I reached out to a friend who said, “His provision and strength is sure… the ease is not…”
But, how do I handle the disappointments? Am I only thinking about myself and what I want? How do I find peace and rest in all the unknowns and uncertainties of life? How do I give myself grace for my weaknesses and learn from them instead?
Then… Who do You want me to be? How do You want me to handle this? What am I to learn from this season in life?
Struggles and disappointments in life are always right around the corner. They are what help us to grow stronger. They cause us to stop and look at what we might be doing wrong. They humble us and force us to keep our eyes on what’s most important.

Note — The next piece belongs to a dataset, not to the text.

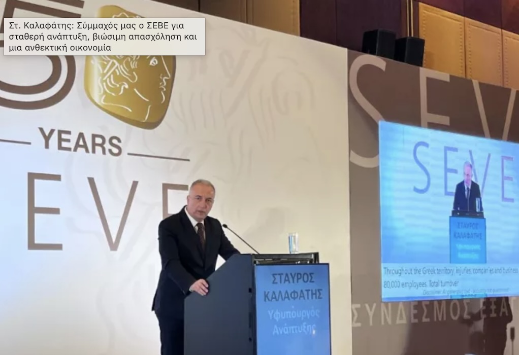 Ο κ. Καλαφάτης χαρακτήρισε τον ΣΕΒΕ «κορυφαίο εξαγωγικό φορέα της χώρας μας ο οποίος υπήρξε- και συνεχίζει να είναι- πυλώνας ανάπτυξης για τη Θεσσαλονίκη και την ευρύτερη περιοχή της Μακεδονίας», επισημαίνοντας ότι: «Σ΄όλη την ελληνική επικράτεια 800 εταιρείες και επιχειρηματικοί όμιλοι, 80 χιλιάδες εργαζόμενοι, συνολικός κύκλος εργασιών που υπερβαίνει τα 55 δισεκατομμύρια ευρώ και εξαγωγές που φθάνουν τα 30 δισεκατομμύρια ευρώ, δηλαδή το 50% των ελληνικών εξαγώγιμων αγαθών, δεν είναι μόνο αριθμοί». Όπως τόνισε: «Είναι η ζωντανή απόδειξη της Ελλάδας της εξωστρέφειας, της δημιουργίας, της καινοτομίας. O ΣΕΒΕ είναι πρωταγωνιστής αλλά και σύμμαχός μας στον κοινό αγώνα για σταθερή ανάπτυξη, για βιώσιμη απασχόληση, για μια ανθεκτική και δυναμική οικονομία», υπογράμμισε ο Υφυπουργός Ανάπτυξης.

Once I cut through all the surface crap and dig deep enough to seek out his wisdom, I find He has already provided everything I need to get past this discouragement. His love, forgiveness, and grace are mine.
“My flesh and my heart may fail, but God is the strength of my heart and my portion forever.” Psalm 73: 26
I have found the silver lining in disappointment. I have found:
The Love I need to be less petty or selfish and a new desire to serve others.
The Strength to get up when I fall, dust myself off and start again.
The Courage to admit when I am wrong and ask for forgiveness.
The Hope in Papa that everything is under his control and I can trust Him.
The Joy of resting in His promises and enjoying His peace.
So, even though I found myself face to face with my own struggles this week.
I count myself blessed to have this season to reflect on what God has proved and who He wants me to become. I am so grateful that He cares enough to stretch and change us.